You will notice it says load bead, not coat bead. You will still have to wipe it down with a knife or trowel.


----------



## Mr.Brightstar (Dec 2, 2011)

I've been using the sh!t out of my flat applicator. Put the mud on fast and trowel it out. 


http://youtu.be/R3RC9BjZj2I


----------



## icerock drywall (Nov 13, 2010)

Mr.Brightstar said:


> I've been using the sh!t out of my flat applicator. Put the mud on fast and trowel it out.
> 
> 
> http://youtu.be/R3RC9BjZj2I


I am thinking about trying one out...so are you saying your not boxing as much then?


----------



## Mr.Brightstar (Dec 2, 2011)

No, no boxes yet. The flat applicator leaves just enough mud to fill the seams on tape coat. On finish coat i'll make two passes and that leaves enough mud to cover and feather. 

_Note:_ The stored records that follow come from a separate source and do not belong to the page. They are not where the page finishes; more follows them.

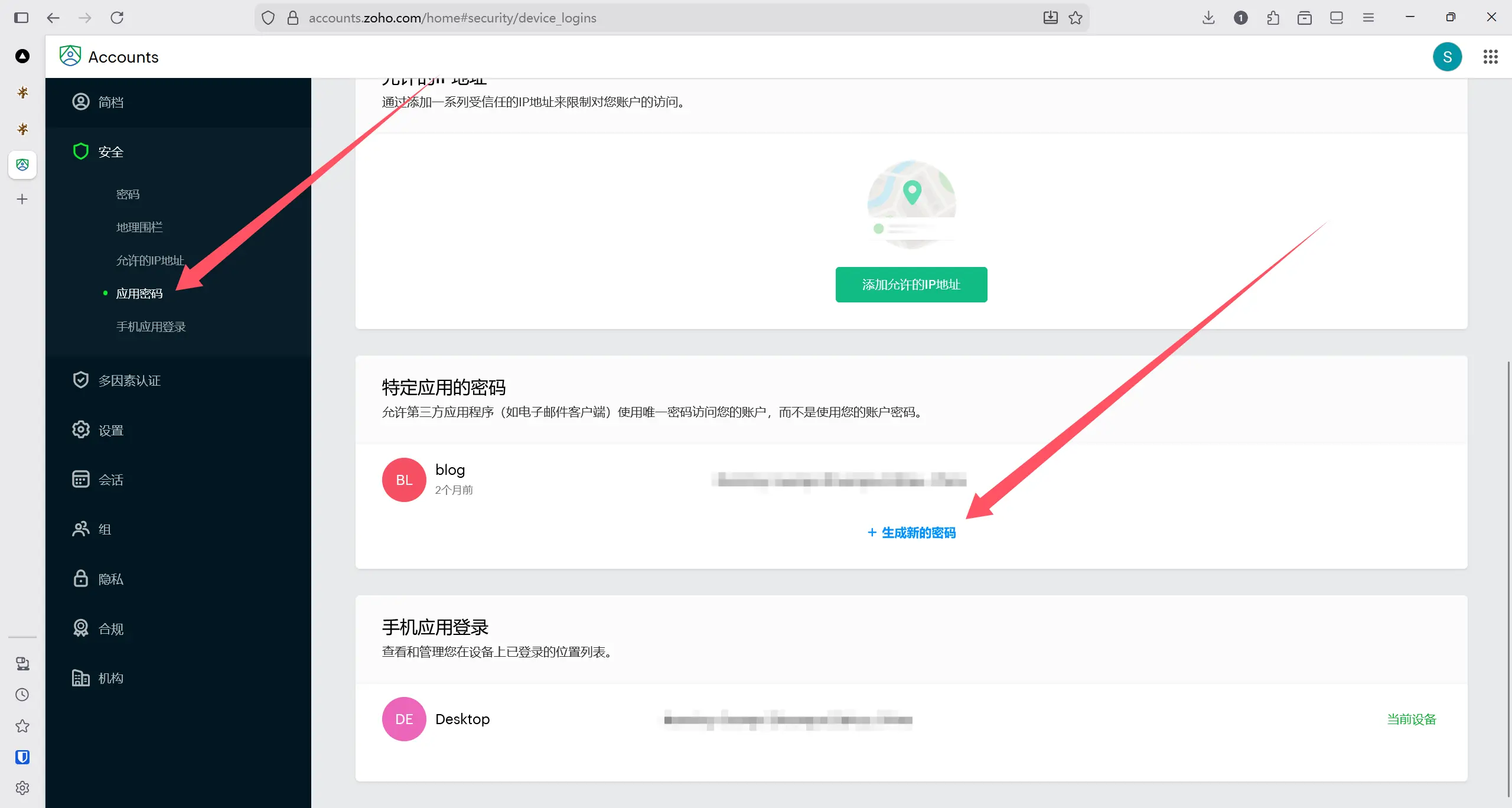 如果账号设置了2FA验证,则需要更进一步设置应用密码(zoho的smtp在账号设置了2FA验证的情况下不允许使用密码验证)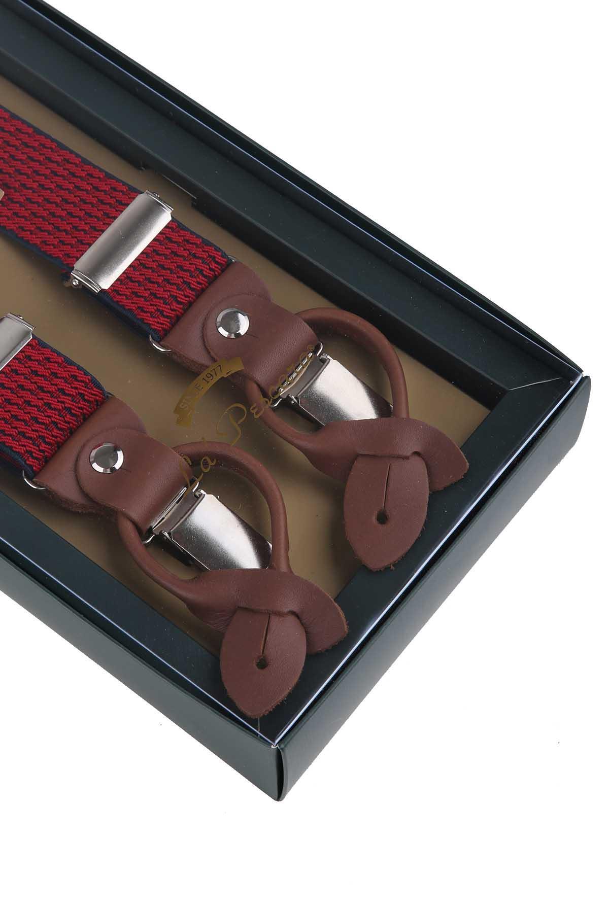 خرید اینترنتی بند شلوار جاکارد چرم قرمز با دکمههای جادار PAN191 برند Kravatkolik اورجینال از Kravatkolik نمایندگی ترکیه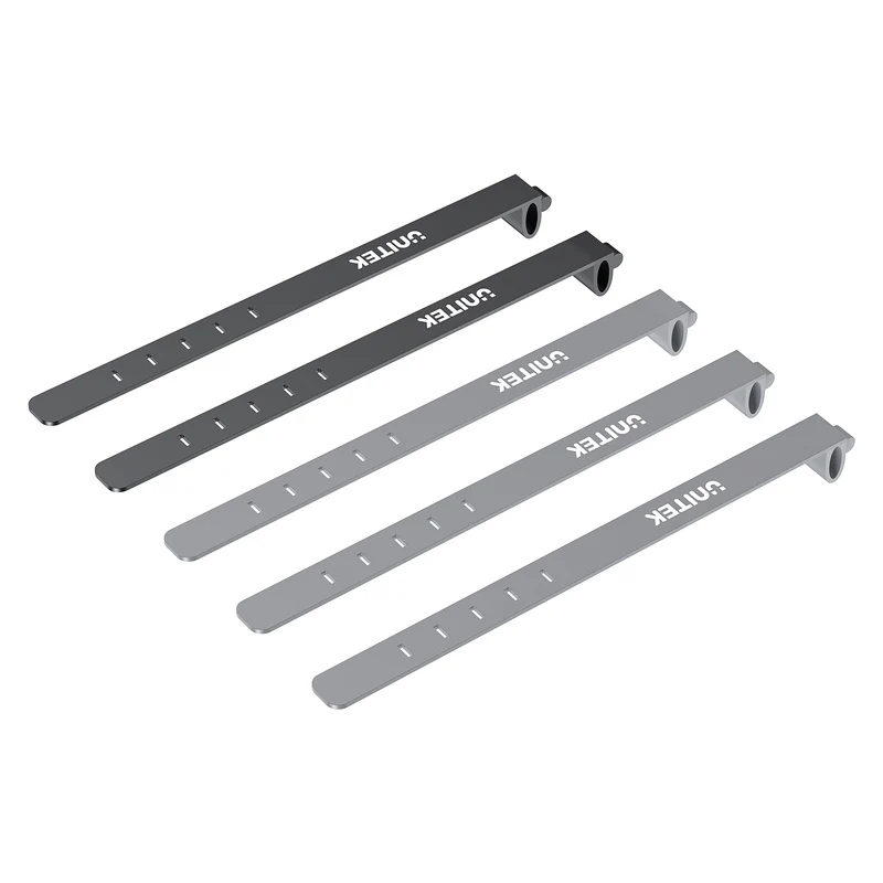 Keep your workspace organized with the UNITEK FlexiTie Cable Organizer. Made from durable, elastic silicone, these flexible ties securely bundle cables while being reusable and easy to clean. Their versatile design allows them to not only manage cables but also seal and secure various items. The round hole at the top makes attachment easy, preventing loss and enabling you to hang cables to save space. At 13.5 cm long, they’re perfect for earphone cables, data cables, and more. Each set includes five ties, giving you plenty of options to declutter your home or office.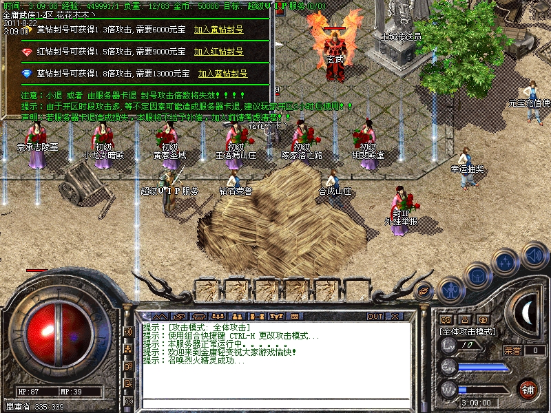 新区开区第二天集体攻城,首届沙巴克城主奖励40万元宝,历届城主奖励10万元宝!攻沙完毕后按次序跨服合区!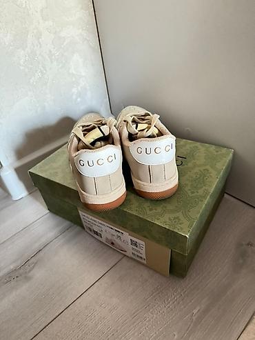 - Детали: шнуровка, металлический овальный шильдик с логотипом GG на союзке, нашивка GUCCI на язычке, крупная надпись GUCCI на пятке, повторяющийся монограмный принт GG на носке и корпусе.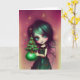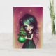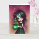 Mia, illustration de carte de vœux de Noël par Ricaso - une illustration d'une petite fille aux cheveux verts et à la robe verte tenant un petit arbre de Noël.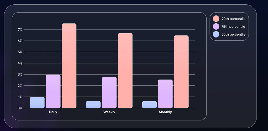 Les entreprises situées dans le 90e centile enregistrent une croissance mensuelle de leurs utilisateurs actifs de 6,5 %.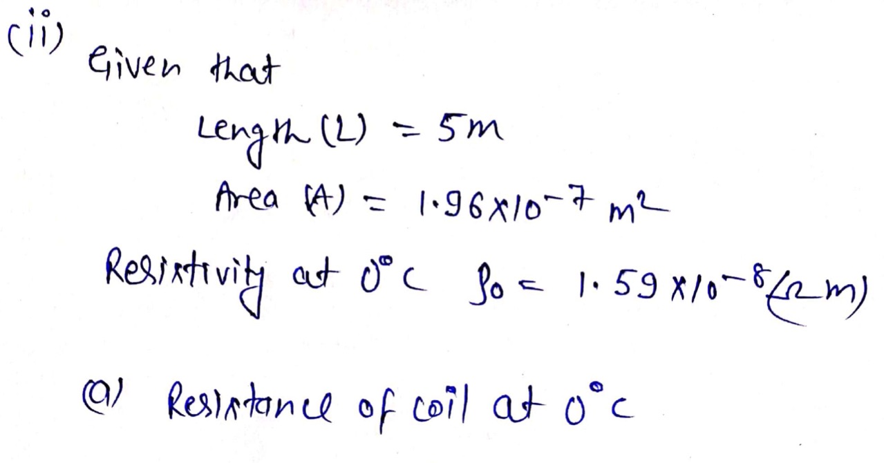 ii) A coil is made of copper wire which is 5 m long and has a cros...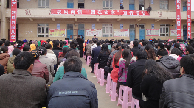 ▲近日,观风海镇举行了“五心教育”、“人口和计生”、“四在农家”的宣传教育活动。图为宣传教育活动现场。 (王宏 摄)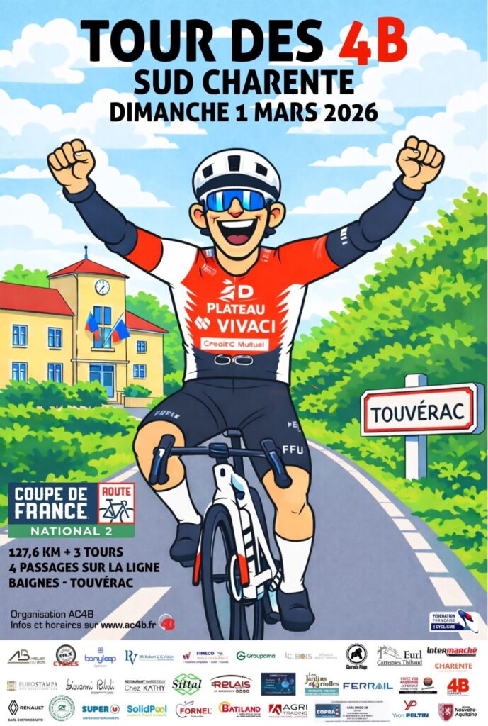 La 7ème édition de l’épreuve cycliste du TOUR DES 4 B SUD CHARENTE se déroulera le 1er mars 2026.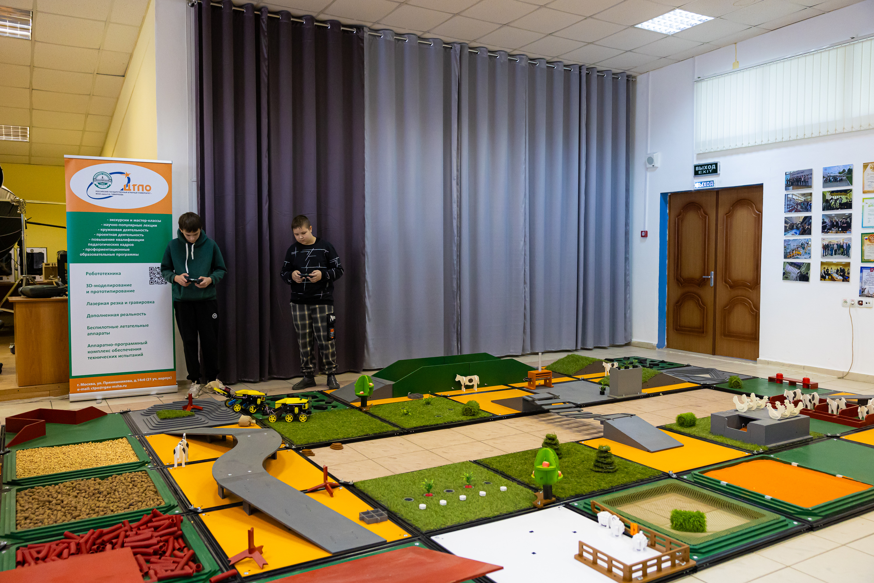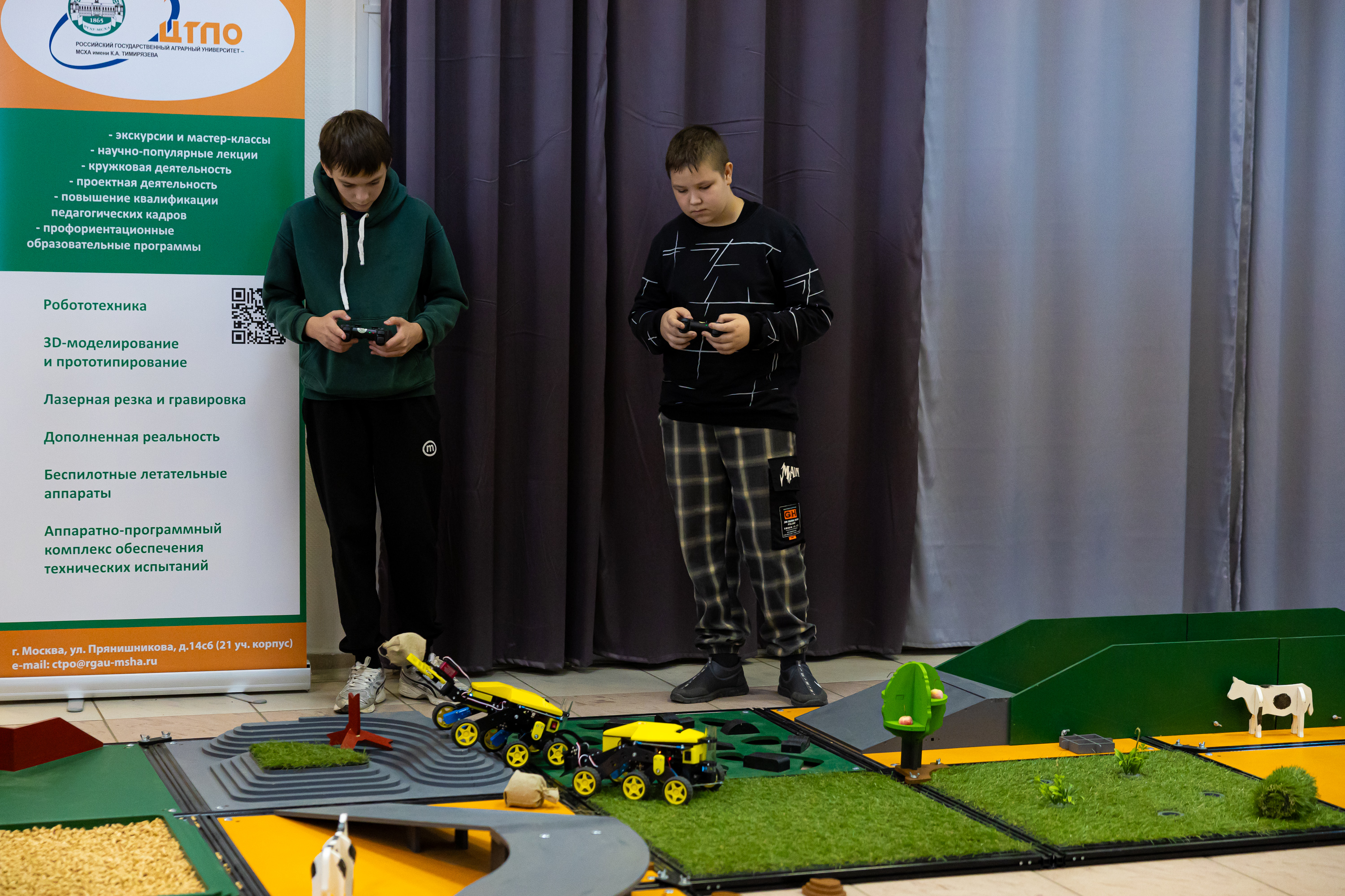 Направления «АгроКоптеры», «АгроРоботы» и «АгроРоверы» проводились на базе Центра технологической поддержки образования РГАУ-МСХА. Участники первого направления демонстрировали мастерство управления квадрокоптером – самостоятельно разрабатывали полётное задание, программировали квадрокоптер и с его помощью проводили аэрофотосъёмку для последующего анализа.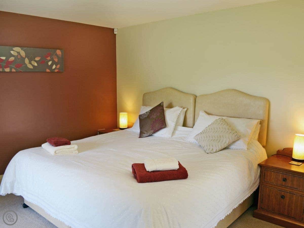 It sleeps five, with two bedrooms and two bathrooms. Both bedrooms have an en suite, which is handy. It has a 5 Star rating, which means it's been finished to a high spec. Everything’s included, towels and bedding. It’s got underfloor heating throughout, run from renewable energy.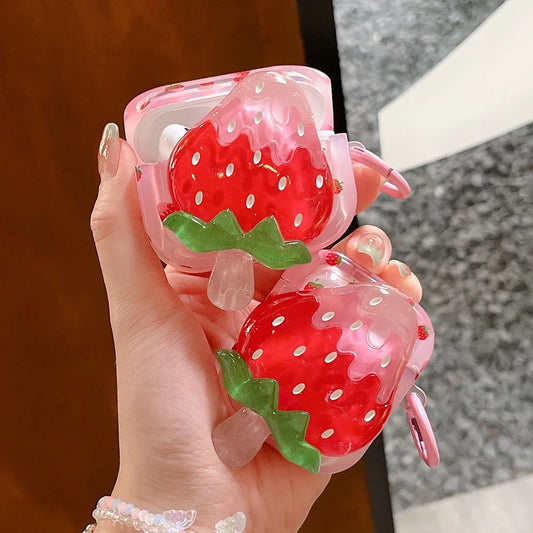 Kawaii Strawberry Dreams 🍓✨ Cute Red Polka Dot AirPods Case with Charm Pendant - Shockproof & Stylish! 🎧💕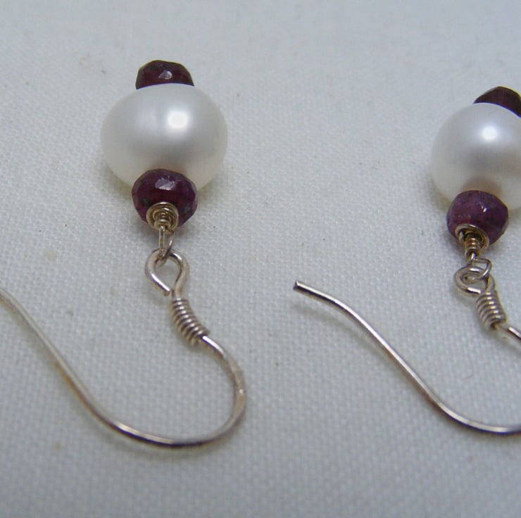 Earrings are handmade with, 3-4mm ruby faceted rondelles, 6x9mm white freshwater cultured baroque pearls and 925 sterling silver headpins and ear wires. 925 is stamped on the ear wires.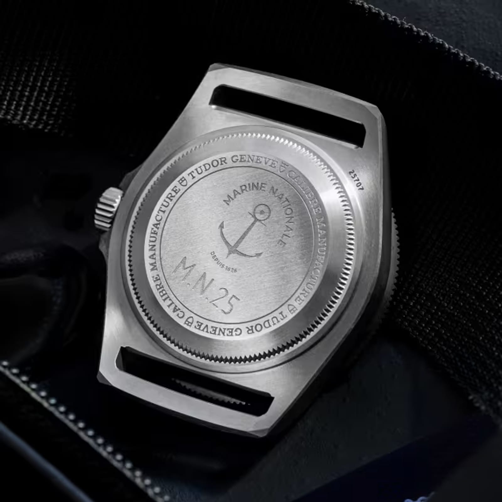 Developed in conjunction with the French Navy's combat swimmers, the Pelagos FXD model is based on a set of specifications that are as precise as they are demanding. For this reason, it includes many functional features that are new to TUDOR, such as its fixed strap bars that are machined into the main body of the 42 mm titanium case for increased robustness and reliability. Five-year Guarantee Five-year transferable guarantee with no registration or periodic maintenance checks required Case Titanium case, 42mm in diameter, 12.75mm thick, 52mm from lug to lug, satin-brushed finish Fixed bracelet bars Steel case back Lugs: 22mm lug width Case thickness: 12.8mm Movement Manufacture Calibre MT5602 (COSC) Self-winding mechanical movement with bidirectional rotor system Power Reserve Power reserve of approximately 70 hours Winding Crown Titanium crown, adorned with the TUDOR shield in relief Waterproofness Waterproof to 200m (660 ft) Bezel Bidirectional rotating bezel in titanium with ceramic disc, 60-minute retrograde graduation for navigation by successive stages Dial Navy blue Crystal Sapphire crystal Bracelet Navy blue fabric strap with grey central thread, equipped with a self-gripping fastening system Complimentary navy blue rubber strap with woven motif and titanium buckle, included in the box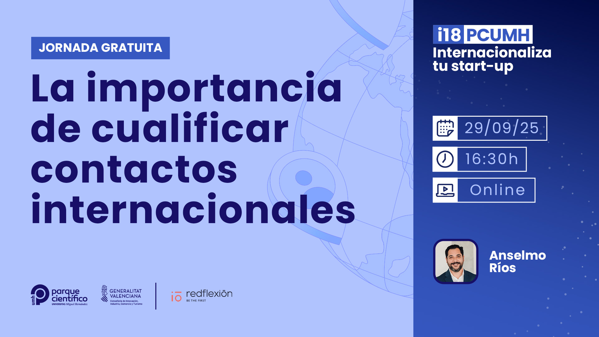 - La sesión estará a cargo de Anselmo Ríos, CEO de Redflexión Consultores, empresa especializada en inteligencia competitiva y programas para la internacionalización de empresas.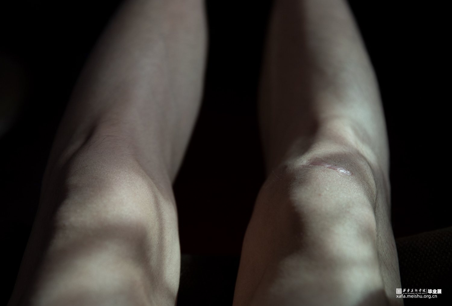 视频既是其中一段内容的延伸,也是贯穿整个作品的线索(图像结尾桌上枯萎的花就是视频开头出现的鲜花…),同时解释了一些图像的含义(例如右腿膝盖伤疤的由来),所以视频并非是独立的短片,是与图像、文字相结合的。

http://youtu.be/R3RC9BjZj2I


----------



## icerock drywall (Nov 13, 2010)

Mr.Brightstar said:


> No, no boxes yet. The flat applicator leaves just enough mud to fill the seams on tape coat. On finish coat i'll make two passes and that leaves enough mud to cover and feather.
> 
> 
> http://youtu.be/R3RC9BjZj2I


so you dont have a 8 or a 10 applicator


----------



## Mr.Brightstar (Dec 2, 2011)

icerock drywall said:


> so you dont have a 8 or a 10 applicator



Nope. I should puck one up. I don't know why I never thought of that. Thanks.


http://youtu.be/R3RC9BjZj2I


----------